Je rate un train, ce n'est pas compliqué, je prends le suivant. On se moque de moi dans la rue, ce n'est pas compliqué, j'observe ma tristesse et je n'en fais pas des tonnes. Ce refrain, loin de banaliser les tracas quotidiens, loin de nier les plus grandes épreuves, invite à cesser de se réfugier dans l'immobilisme, à ne pas tomber dans les commentaires intérieurs qui nous égarent à discuter le réel plutôt qu'à passer vraiment à l'action.

Oui, plus d'une fois, face à un problème technique, un ordinateur rétif, la difficulté de mettre une carte de crédit dans un appareil bancaire, je me perds en d'inutiles considérations, je peste contre la réalité, ce qui ne résout en rien la question, au contraire.

« Ce n'est pas compliqué» me ramène à ce que j'ai sous les yeux et m'aide à trouver une solution concrète, à voir la situation bien en face et à agir en conséquence : demander de l'aide, patienter, ralentir. .. Voilà ma nouvelle ascèse : ne pas en rajouter.
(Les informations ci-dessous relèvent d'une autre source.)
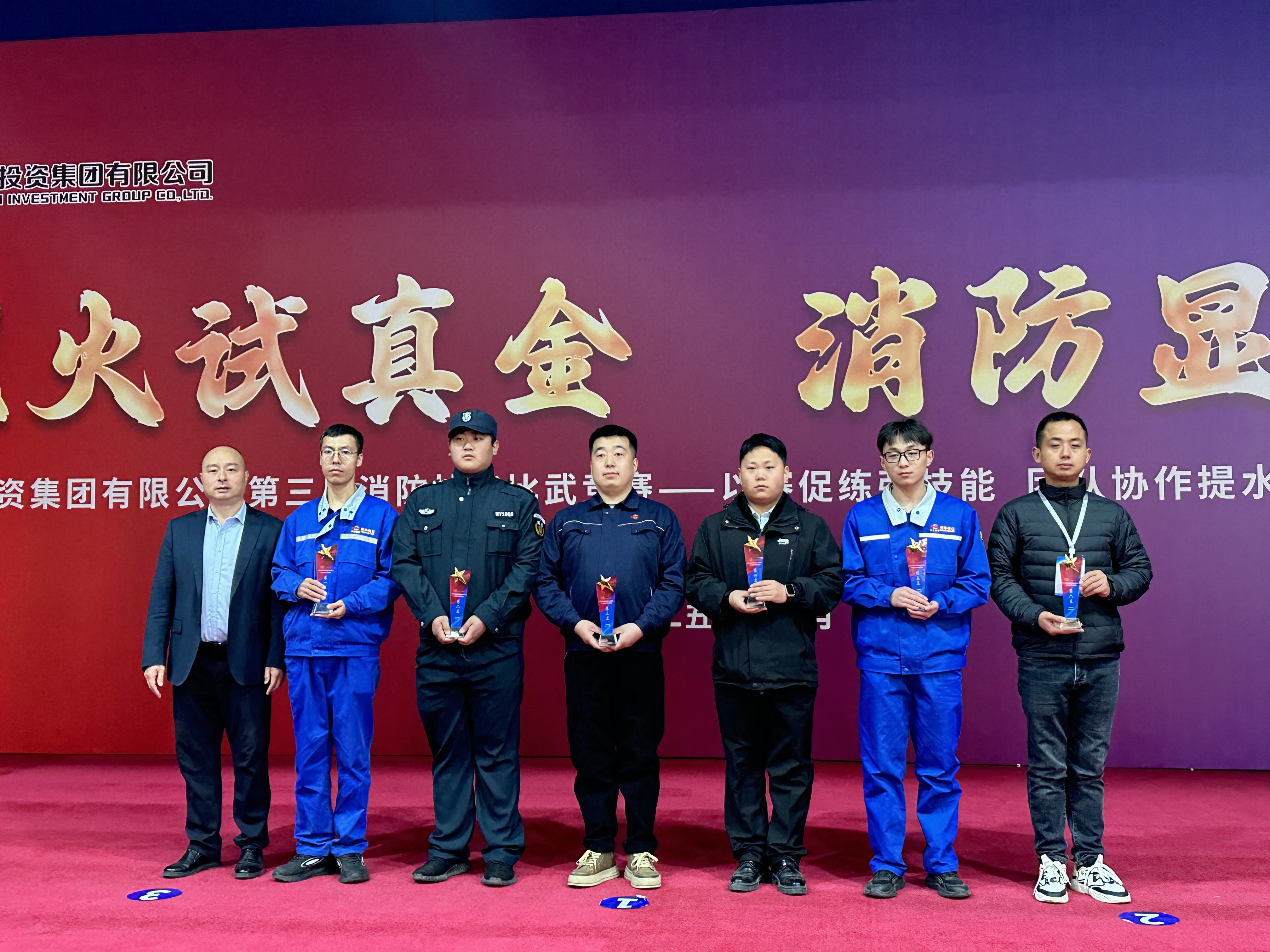 在激烈角逐中,威遠(yuǎn)安保公司駐秦達(dá)物業(yè)神木氯堿項(xiàng)目邢寧輝(左三)表現(xiàn)突出,榮獲個(gè)人項(xiàng)目第二名;
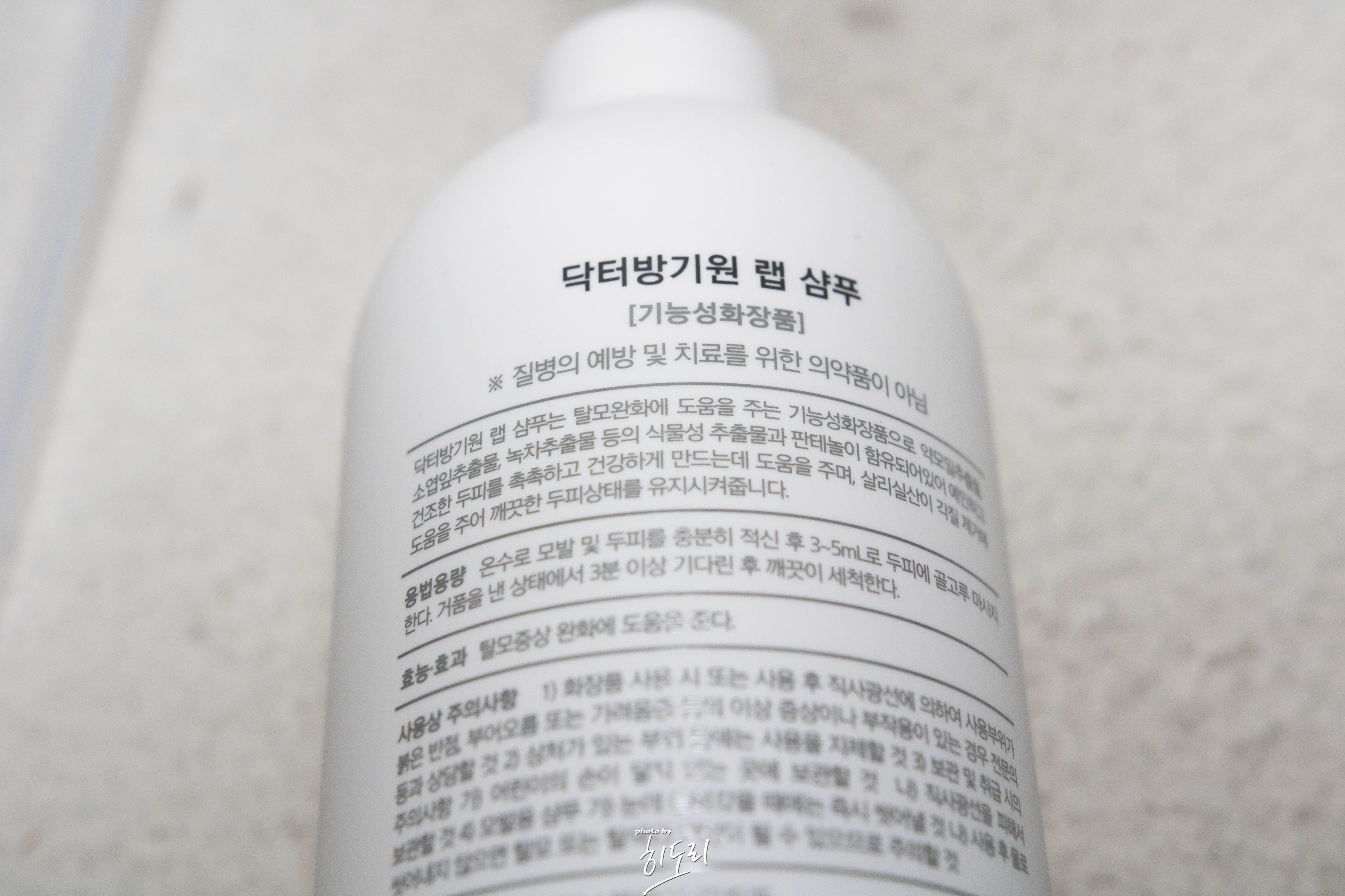 닥터방기원 랩 샴푸는 일단 탈모완화를 위해 모발의 토양이 되는 두피를 깨끗하고 강하게 만들어주는것에 초점을 가진 샴푸 입니다.
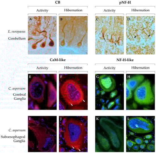 Comparison of immunohistochemistry staining for CBPs and NF-H between activity and hibernation in vertebrate (European hedgehog, A–D) and invertebrate (garden snail, E–L) models. In the cerebellum of active hedgehogs, the cytoplasm and dendritic tree of Purkinje neurons showed strong CB labeling (A), while a visible decrease was detected after a long period of hibernation (B). NF-H immunopositivity was present in axons and terminals around Purkinje cells somata during activity (C, arrows), and strongly decreased after a long period of hibernation, when it was observed only in few terminals (D, arrowheads). In the cerebral (E–H) and suboesophageal (I–L) ganglia of the garden snail, a significant increase in the number of positive neurons and intensity of immunoreactivity for CaM-like during hibernation (F,J) was accompanied by an increased recognition of epitopes by anti-NF-H antibodies (H,L) with respect to activity (E, I and G, K, respectively). Throughout the snail CNS, several neurons showed hibernation-specific aggregates of CaM-like in the cytoplasm (F, J, double arrowheads). Experiments were carried out as described in [,]. Magnification: 40× (A–D, I–L); 60× (G); 100×(E,F,H).
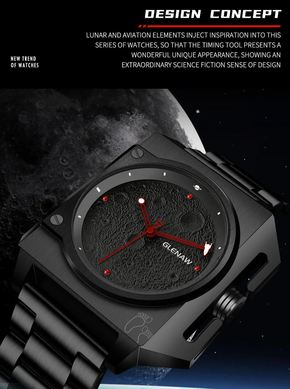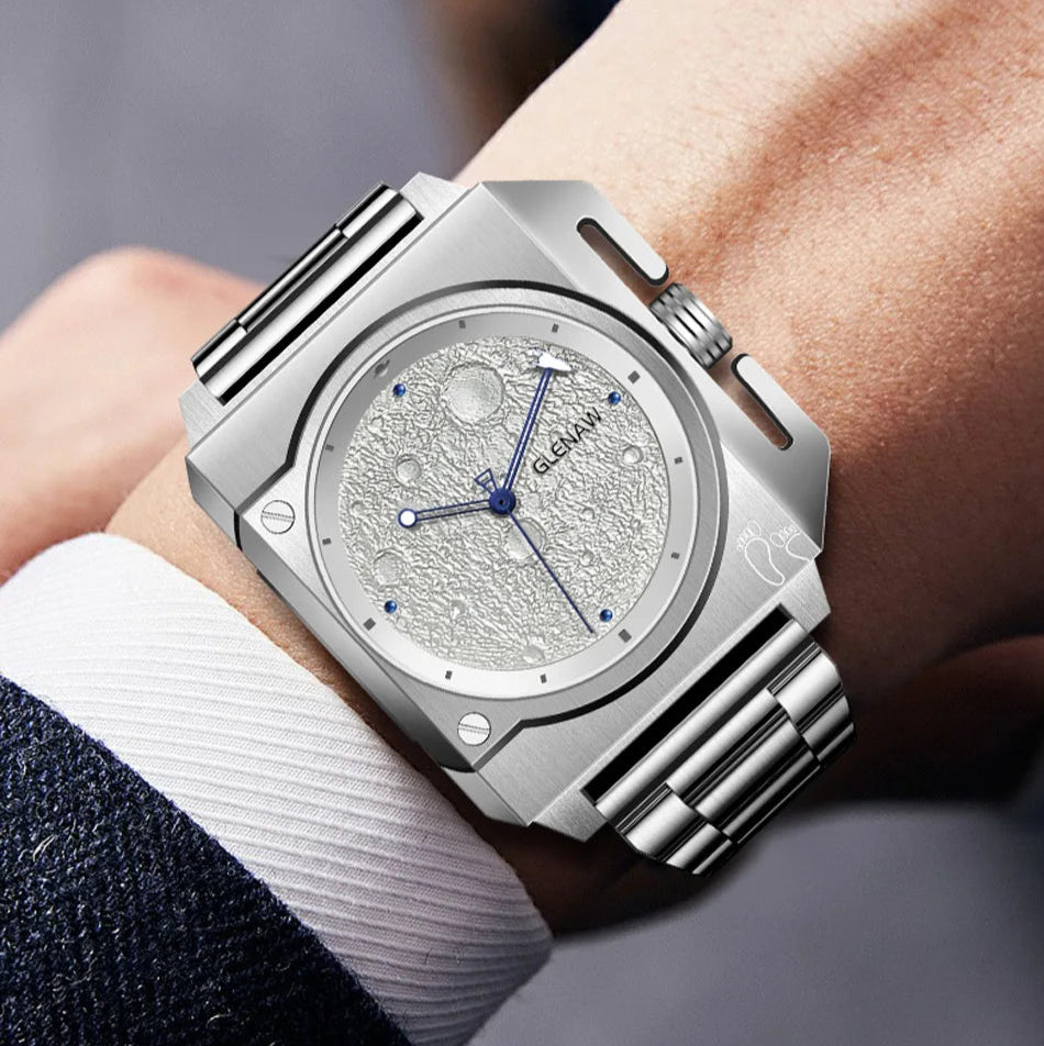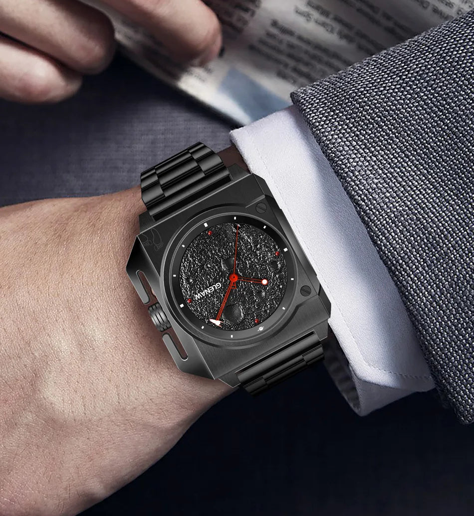 Stainless Steel Mechanical Moon Dial Luminous Spaceship Pointer Watch For Men
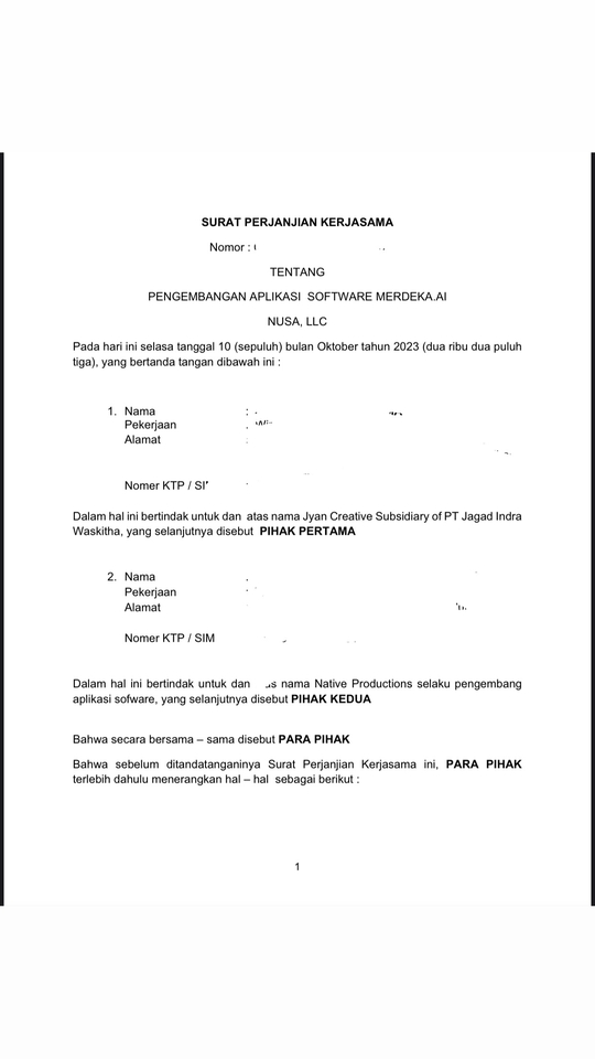 Perjanjian Pembuatan Aplikasi Software
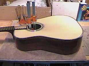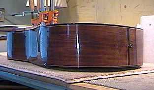 THE FOLLOWING WEDNESDAY.....Well, it just about killed me to wait (luckily, I had the weird classical to work on in the interim), but I managed to withhold myself from touching the dreadnought until today, Wednesday. Today I wet-sanded the finish. I used Micro-Mesh cloth abrasives to rub down the finish. I started with their 2400 grit (probably equivalent to an 800 or so grit sandpaper), wet-sanding the finish with water and a little dish detergent. I used that grit till the finish was totally dull (no shiny spots). Then I used each successive grit of the Micro-Mesh (3200, 3600, 4000, 6000, 8000, 12000). By the time I got to the 12000 grit, the guitar's surface was just about mirror-like! I then used Finesse-It II, Meguiar's #9, and Meguiar's #10 polishing compounds to polish it up. I decided to do it all by hand this time; I didn't want to run the risk of melting any of the corners or anything this time with the electric polisher I've used in the past. It took more elbow-grease, but it still gave nice results. It took me about 3 hours, I think, to do the soundbox, and an hour to do the neck. After I did that, I removed the finish underneath the fingerboard extension (that's the only part that gets glued with my bolt-on neck system) with some paint-stripper, and glued on the neck. Tomorrow I'll figure out where to place the bridge, remove the finish at that location, and glue on the bridge.... |
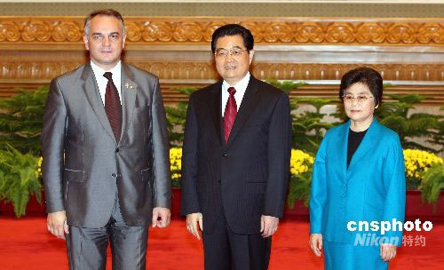 9月6日,中國(guó)國(guó)家主席胡錦濤夫婦在北京人民大會(huì)堂歡迎出席2008年殘奧會(huì)的各國(guó)貴賓。圖為胡錦濤夫婦歡迎波蘭副總理帕夫拉克。中新社發(fā) 任海霞 攝
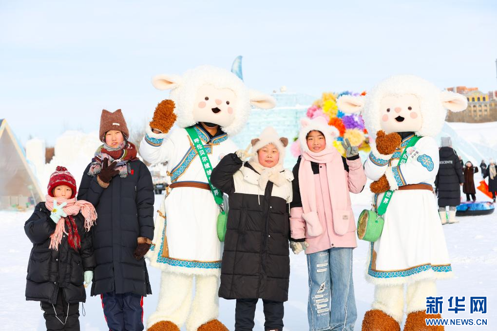 12月20日,游客在“绒绒雪世界”和“呼伦小羊”合影。新华网发(康文魁 摄)
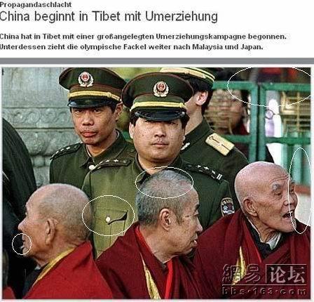 中國日報(bào)網(wǎng)環(huán)球在線消息:今年4月下旬,德國N24電視臺(tái)在其網(wǎng)站上發(fā)表一組題為“宣傳戰(zhàn)——中國在西藏開始思想改造運(yùn)動(dòng)”的新聞,刊登了一張中國警察和喇嘛在一起的照片,照片下寫道:“中國警察在北京監(jiān)視藏族喇嘛的儀式活動(dòng)”,網(wǎng)頁上注釋這張照片來自美聯(lián)社。一些專家認(rèn)為,這是一張幾年前的舊照片,而且這張照片是由兩幅以上的照片經(jīng)過技術(shù)處理合成的。
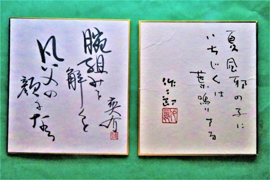 色紙や短冊を書くのは苦手中の苦手。もちろん悪筆のため。だが、どうしても逃げられないこともあり、先日、参考のためにとストックしてある先輩諸兄の色紙を取り出して拝見。中に珍しい、墨作二郎さんと小松原爽介さんのがあったのでご紹介。いずれも「寸松庵(すんしょうあん)」と呼ばれている小さい色紙。写真3。 〔本日の仕事と歩数〕川柳マガジン2020懸賞川柳【文月賞】第1次選。4,405歩。

Depuis peu, je cherche à simplifier mon mode de vie. Je le confesse, depuis dix ans, je me lève presque chaque jour avec une première pensée: « J'en ai marre. » Et j'observe que ce premier sentiment n'est pas incompatible avec la joie. Je peux en avoir marre et repérer en moi une parcelle de mon être qui demeure joyeuse. Longtemps, j'ai voulu évacuer le « j'en ai marre» matinal par toutes sortes d'exercices spirituels. Et pourtant, ce n'est pas compliqué! S'il s'impose, je peux l'accueillir en toute simplicité, comme un moment du jour qui passera. Et je constate que le dernier mot qui conclut mes journées est immanquablement un « merci ». Le retour au réel me conduit à ne pas en rajouter.

Aujourd'hui, je n'en ai plus marre d'en avoir marre, je l'accepte comme une réaction presque naturelle. Et la phrase de mon cher ami m'aide à assumer le quotidien tel qu'il est, imparfait. J'apprends que le bien et le mal, la joie et la tristesse peuvent cohabiter, en paix allais-je dire.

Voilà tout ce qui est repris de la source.